优化速度条件

Question

example code:

e = [[1,2,3,4],[0,...,10000],[4,5,6,7]]
for n in range(0,1000000):
  if n in e[0] and n in e[1] and n in e[2]:
    yield n

I'm trying to optimize for speed to avoid e[1] lookup for every iteration if i can find out before that e[1] == range. Same goes for e[0] == range or e[2] == range

let me clarify this a bit more..im trying to write crontab http://unixhelp.ed.ac.uk/CGI/man-cgi?crontab+5 parser in python.

Format for crontab is * * * * *

where first field is minutes range(0,60), second hours range(0,23), third days of month range(1,32), 4th month range(1,13), 5th day of week range(0,8)

when every field is matched something happens, ie for every day at 5,30 am format is

30 5 * * *

now simplest solution is to iterate through lower,upper boundary with increment of 60 seconds, since smallest increment is 1 minute. and replace * with full range, matched fields with single number enclosed in list.

simplest algorithm is

for ts in range(startts,endts,60): 
  now = time.localtime(ts)
  if now.tm_min in [5,] and now.tm_hour in [30,] and now.tm_mon in range(0,13) ... etc:
    yield now

since some of those fields are sometimes * list lookup is not needed, and im trying to figure out way to dynamically generate conditions based on '*'

Answer 1

Looks like you want to find all elements that are common to all three lists.
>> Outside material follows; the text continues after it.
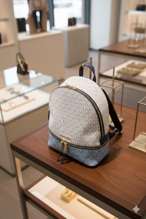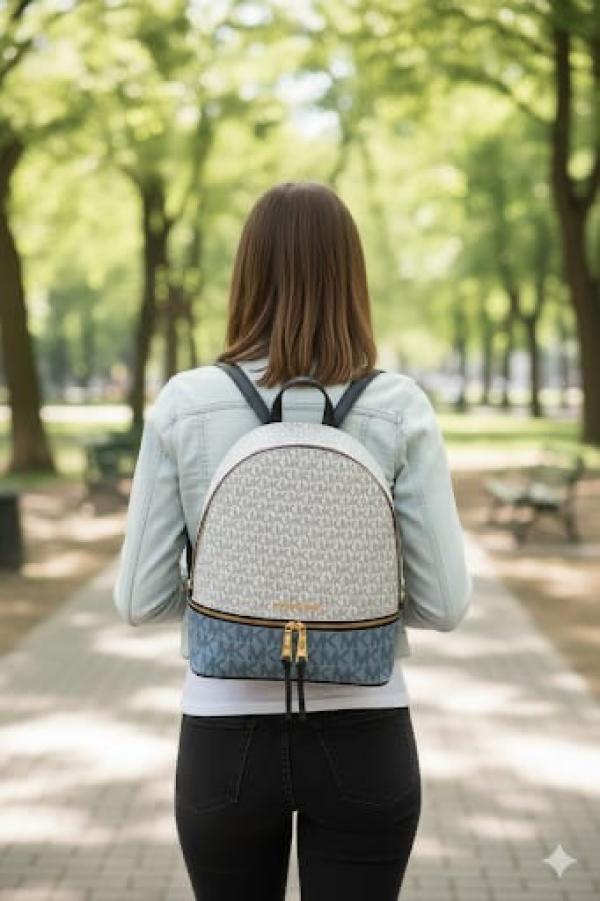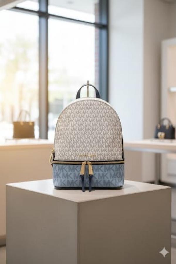 Michael_Kors_Rhea_Medium_Color-Block_Brown_Logo_Backpack_Blue_With_Dust_Bag 1005

This is essentially the same as finding the intersection of the sets represented by the lists. In Python we can simply use set and find the intersection.

#! /usr/bin/env python

def get_values(lst):
    sets=map(set,lst)
    common=reduce(lambda x,y:x.intersection(y),sets,set(lst[0]))
    for value in common:
        yield value
if __name__=='__main__':
    e = [[1,2,3,4],range(10000),[4,5,6,7]]  
    for common_item in get_values(e):
        print common_item

Answer 2

if n==4:

will do it. At least in your example.

Perhaps you should tell us what you're actually trying to do? Are the ranges always contiguous? What exactly are the constraints you're working under?

Answer 3

I think this should work:

e = [[1,2,3,4],[0,...,10000],[4,5,6,7]]
for n in e[0]:
  if and n in e[2] and n in e[1]:
    yield n

It will only check the values which exist in e[0]. If the numbers of elements are different in each sub-list, you could add one further generic optimisation which checks them in order of the size of lists so you check against the smallest list first (I did that by hand in this case, but you get the idea).